В ту же секунду я нанес ей новый удар рукояткой пистолета по голове, надеясь в последнее мгновение, что этот удар не окажется смертельным. Толстуха замерла. Заперев наружной задвижкой дверь и пытаясь на ходу завязать халат, я бросился в свою палату, выхватил из матраца свои записки, сунул их карман, и как можно осторожнее потащил Кито в коридор, положил ее у дверей француженки и тихо приоткрыл дверь. За дверью стояла моя незнакомка в длинной белой рубашке и с удивлением и даже с испугом переводила сонный взгляд с лежавшей Кито на меня.
— Что… — она хотела что-то спросить.
— О, дорогая, милая мадмуазель! Нет времени объясняться. Взгляните на меня внимательнее. Я Анри Ландаль, я загримирован, я у вас был и я бегу, иначе мне здесь смерть. А эта милая девушка, драгоценная, ваша сиделка, помогла мне, ее ранили. Спасите ее! Умоляю вас! А мы вас вырвем отсюда! Клянусь!
Все это довольно бессвязно я выпалил, кажется, одним духом.
— А кто…
Но я снова перебил ее:
— Японец, дьявол — доктор! Но вы скажете, что видели, как Кито пыталась задержать меня, а я, конечно именно я, выстрелил в нее. Надеюсь на вас! Прощайте, нет, до свидание!

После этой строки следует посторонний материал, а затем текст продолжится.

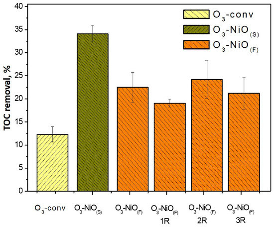 TOC removal (%) in conventional and catalytic ozonation and the effect of reusing films during three cycles with 10 films of NiO.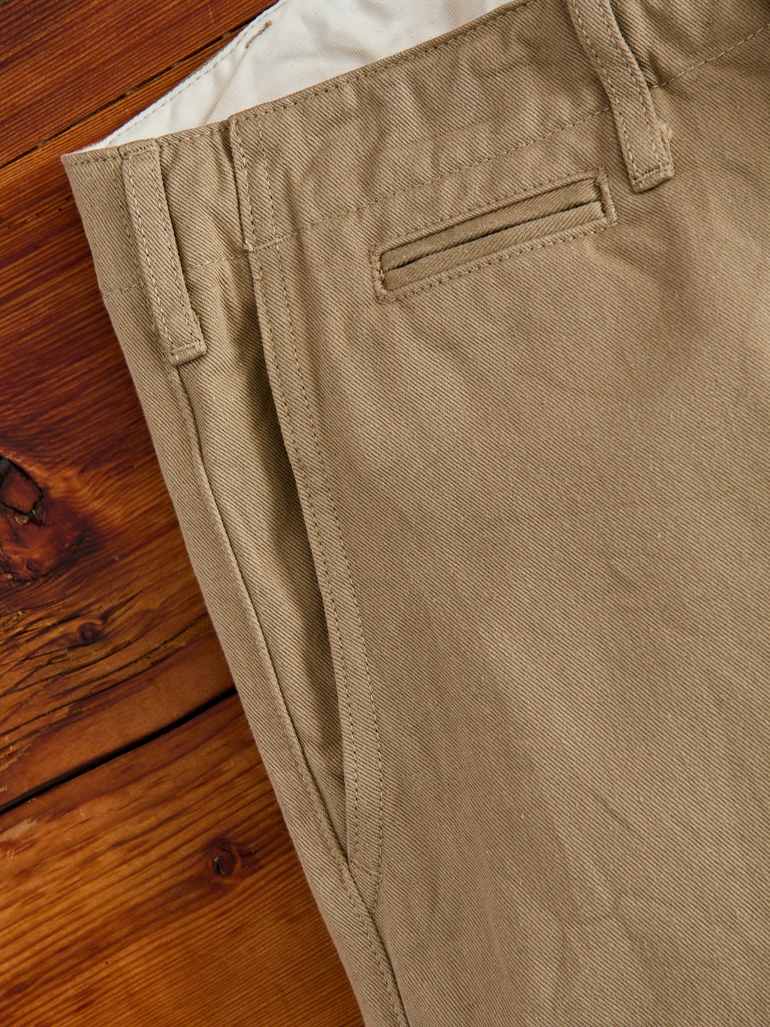 • ONI's 737 chino trousers are crafted from the brand's 9.5oz low-tension selvedge chino fabric and cut in a relaxed straight fit. The textured chino twill fabric is woven using rope-dyed thread, adding a rich color to the classic slant pocket trouser design. Ideal for year-round wear, the chinos are finished with a woven patch, tonal stitching, and custom metal hardware.

Я наклонился к слабо и приглушенно стонавшей Кито.
— Кито, ты слышишь меня?
Девушка кивнула головой.
— Кито, ты скажешь, что это я ранил тебя! Понимаешь. А перевязала она, француженка. Понимаешь?
Она вновь слабо кивнула головой, не открывая глаз и болезненно морщась.
— До свидания!
Я перетащил Кито через порог в палату, поцеловал ее в голову, пожал руку француженке и устремился в коридор.
— Стойте! — прозвучал тихий, но властный голос за моей спиной. Я обернулся.
— Давайте я вам халат завяжу!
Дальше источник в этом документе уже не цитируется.